Nepali Times
ASHUTOSH TIWARI
Strictly Business
‘Chicago Boys’


ASHUTOSH TIWARI


The Latin American country Chile, stretching from Peru to Argentina, provides an intriguing link between a nation's political life and its economic vibrancy or lack thereof. From 1933 to 1973, Chile had many political parties which contested in elections that threw up eight consecutive presidents of six different ideological persuasions. These presidents attempted various economic reforms, none of which lasted for long. Indeed, the pendulum swung from one side to the other, finally leading Marxist Salvador Allende to be elected president in 1970. Allende increased his government's control over all aspects of the economy, starting by printing money to pave the way for the 'Chilean road to socialism'.

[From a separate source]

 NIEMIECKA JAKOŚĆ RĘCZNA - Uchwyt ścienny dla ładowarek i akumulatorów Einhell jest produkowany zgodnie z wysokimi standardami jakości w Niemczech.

Allende's attempts to redesign the economy soon ran into trouble. By 1973, Chile's per capita annual GDP growth rate nosedived to minus 4.3 percent, inflation was at a whopping 600 percent and negative growth in the wage levels made even housewives join protest rallies. All these led not to civil war but mass disenchantment, which made it easy for General Augusto Pinochet to assume power in September 1973.

With a cabal of advisers who clamped down on all political rights, Pinochet went on to rule Chile until 1990. Initially, Pinochet was at a loss as to what to do with the economy. He tried to run it through a central command. But when his attempts failed, he filled the Ministry of Finance with so-called 'Chicago Boys'. These were Chilean economists who had studied macroeconomics at that bastion of free-market capitalism, the University of Chicago. Many Chilean intellectuals ridiculed these economists for their belief in market-based solutions and for their lack of hesitation to work for Pinochet. But their task was to create and make Chile's macroeconomic architecture work.

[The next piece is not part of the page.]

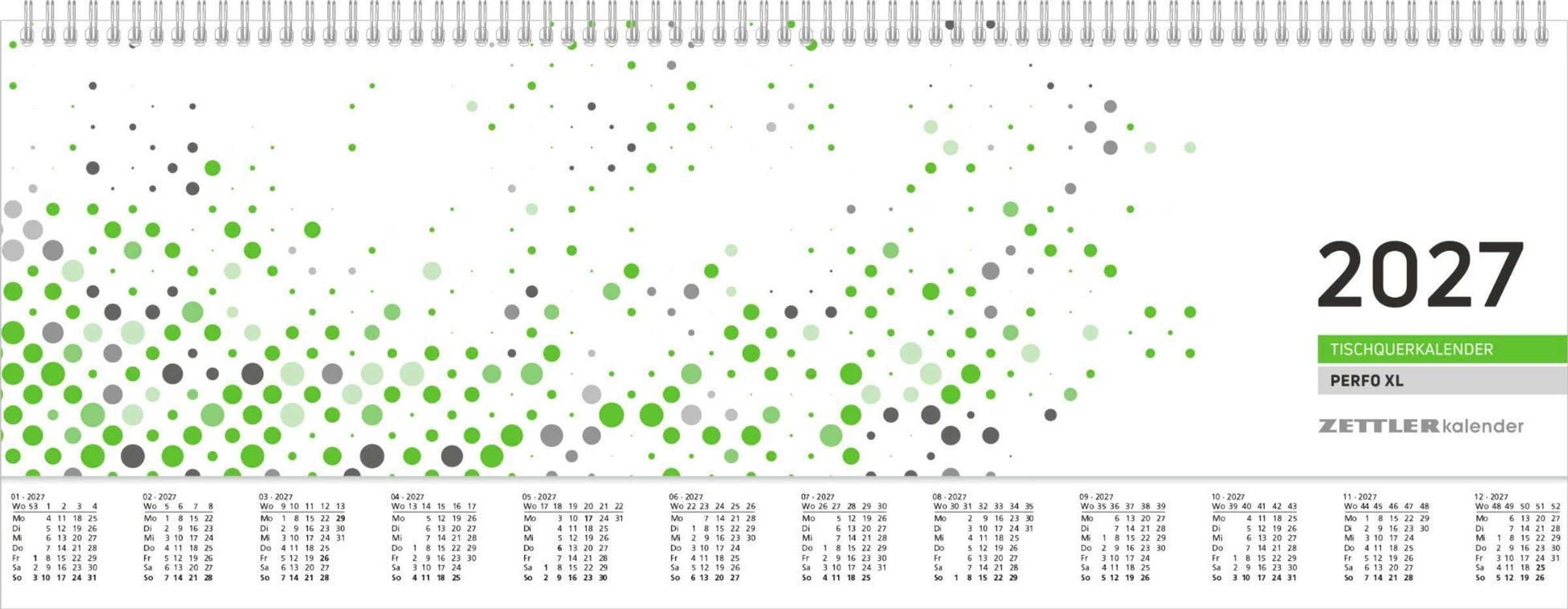 Tischquerkalender 1W/2S verl. Rückw. PERFO XL grün 2027 (Kalender)

The 'Chicago Boys' quickly set out to lower tariffs, slash subsidies, loosen up the labour market, privatise the pension system, increase exports, allow competition to flourish in the marketplace and open up the economy. They accomplished all these while scaling back the government's role. True, they were able to push for reforms because there was no resistance to what they did. They did not have to deal with the messiness of satisfying competing and contradictory political interests. Still, after a series of false starts, Chile's annual growth finally started averaging at five percent from 1985 till 1996.

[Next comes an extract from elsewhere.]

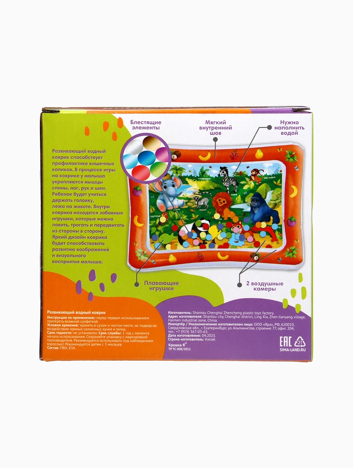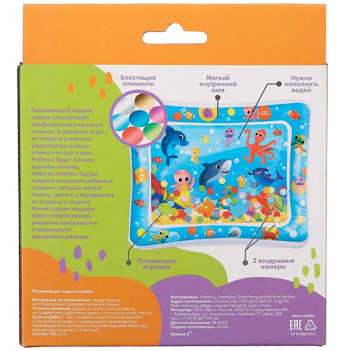 Акваковрик Крошка Я «Морские жители» надувной, развивающий, водный коврик, 65x50 см 9 фото

In 1990, through a referendum, Chilean voters decided to freely elect their post-Pinochet government. Meantime, so successful had Chile's economic reforms become in generating wealth that the elected governments decided to maintain and continue on with the Chicago boys' policies. Envying Chile's growth rates, neighbouring countries such as Argentina, Peru and Bolivia too started getting their own US-trained economists to devise policies to resuscitate their regions. All these reform measures have yet to solve a myriad of Latin American ills but by most indicators, they have delivered more than the alternatives.

Still, academics say the lesson from Chile is not that a regime such as Pinochet's is more likely to adopt free-market reforms. It is not. But when it does, the benefits come at a very high cost to society. A lack of opposition, though initially celebrated, allows no one to correct policy errors or subject the dominant views to scrutiny. Over time, such one-sidedness leads to resources, time and international reputation being squandered. Pinochet's regime was unique because of its longevity that made it possible to stick to free-market prescriptions. But given how the world has changed since, there is reason to believe that such a regime might have been the last of its kind.


LATEST ISSUE
638
(11 JAN 2013 - 17 JAN 2013)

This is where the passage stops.